Profits and CSR Should Go Hand-in-Hand
Companies that “do good” outperform those with lesser commitment to Corporate Social Responsibility (CRS) by 120% – 150%* Customers of all kinds (B2B and B2C), in all countries, are becoming increasingly socially-conscious and, increasingly, are starting to make buying decisions with an eye to how the companies behind the brand treat the planet, their people, their prospects and patrons.
In some quarters, however, there is increasing cynicism about the triple bottom line approach. Some articles’ authors even go so far as to the query, in the most critical of tones, whether or not companies are doing good simply for the sake of increasing profitability. I was discouraged to read the following article intro on Lifehack.org, as it appears representative of a growing number of posts:
“Over the last few years, Corporate Social Responsibility (CSR) has become
such a buzz word for business people with companies sprouting all sorts of CSR
initiatives, but are companies really embracing CSR because they believe in it or
are they in it for entirely selfish reasons?
Are they really acting out of some kind of moral duty or is the reality still that they
only care about the bottom line?”
I would hope that all companies care about the bottom line, including Not For Profits (NFPs need revenue; they just can’t have retained earnings). If corporate entities aren’t profitable, then how on earth can they continue to employ people, support the products and services consumers purchase, give back to their communities and invest in the R&D necessary to make their products more effectively – in ways that are less harmful to the planet?!
Case in point: Clorox uses a self-reinforcing triple bottom line growth strategy.
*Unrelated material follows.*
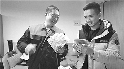 来自河南的陈黎明是一名维修工,已在鸿雁公司工作7年。今年回老家过年,他不仅给父母买了新衣服,还带着全家去饭店吃了一顿团圆饭。“今年回家比较晚,返岗又较早,我只能给父母洗头洗脚。”陈黎明报销发票后,拿到了2600元“行孝奖”。
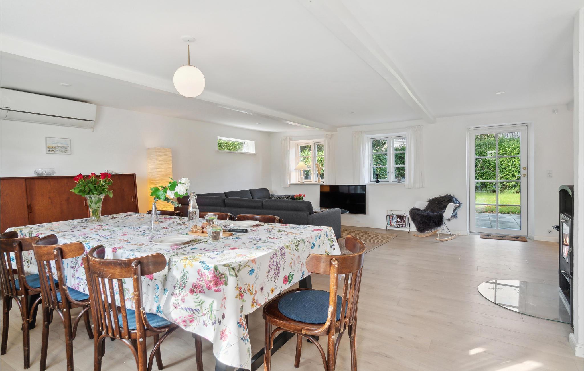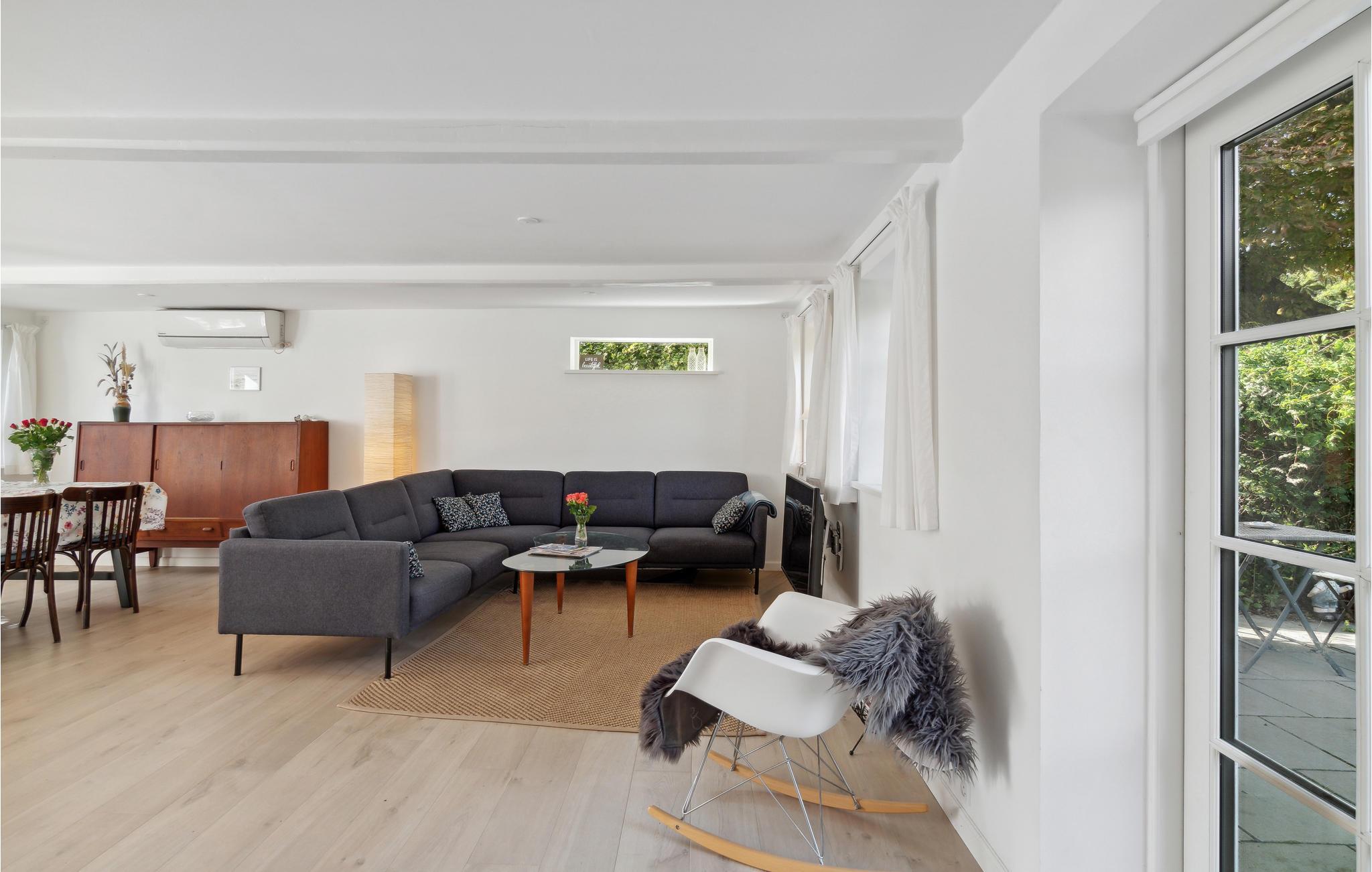 Det moderniserede landsbyhus byder jer velkommen med den perfekte blanding af originale detaljer og moderne faciliteter. Føl jer godt tilpas i de lyse, smagfuldt indrettede lokaler, som byder på masser af plads til en hyggelig samvær. Efter at have spist sammen, kan I sætte jer godt til rette sammen i sofaen, læse en historie, mens brændeovnen knitrer, eller spille et spil sammen og slutte dagen af ??i fred.

This led to the 2009 introduction of a new natural product line: Green Works.
That same year, Clorox ceased transporting chlorine gas, opting instead to change the formula in its industrial strength products to eliminate the potential for deadly accidents, not to mention lessening its exposure in the face of growing regulatory requirements.
The resulting sustainability-related cost savings in Year One: $118 million – most of which was given to the Sierra Club, its Green Works partner.
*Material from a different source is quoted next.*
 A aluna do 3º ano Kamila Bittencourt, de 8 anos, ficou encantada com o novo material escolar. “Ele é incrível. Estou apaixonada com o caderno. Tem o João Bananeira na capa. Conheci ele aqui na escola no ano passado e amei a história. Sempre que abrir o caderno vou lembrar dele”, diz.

Over the past five years this initiative has continued to make Clorox money and, thankfully, has spawned the introduction many other earth-friendly products… and the category continues to grow. Not only has Clorox’s approach helped improve its own profitability, it has prompted other manufacturers to become more green. That sounds like a triple win to me.
If other companies are also able to increase their bottom line by making this world a better place, or by improving the ways in which they impact the planet, then we should all stand to applaud.
Luckily, ‘Protecting the planet and the people who live on it’ (or at least not causing harm) has become table stakes in most of the developed economies… and increasingly so in the developing ones, too. This has, unfortunately, led to some companies’ actions not living up to their words. In the wake of much “green washing” press, customers are now seeking tangible proof that companies are “doing good”.
They want evidence, in the form of advertising, web site content, news releases, etc., that organizations are…
- Producing their products in fair and ethical ways,
- Treating their employees well,
- Reducing their carbon footprints and conserving resources wherever possible, and
- Contributing to their communities (and giving locally – which is more important to some consumers than sending money overseas).
It’s a tall order, but for companies that can put their money and actions where their mouths are, rewards will be huge… and not just in terms of those oh-so-desirable profits.
* HavaMedia Labs, de Chernatony, Inc. Magazine, The Economist, etc.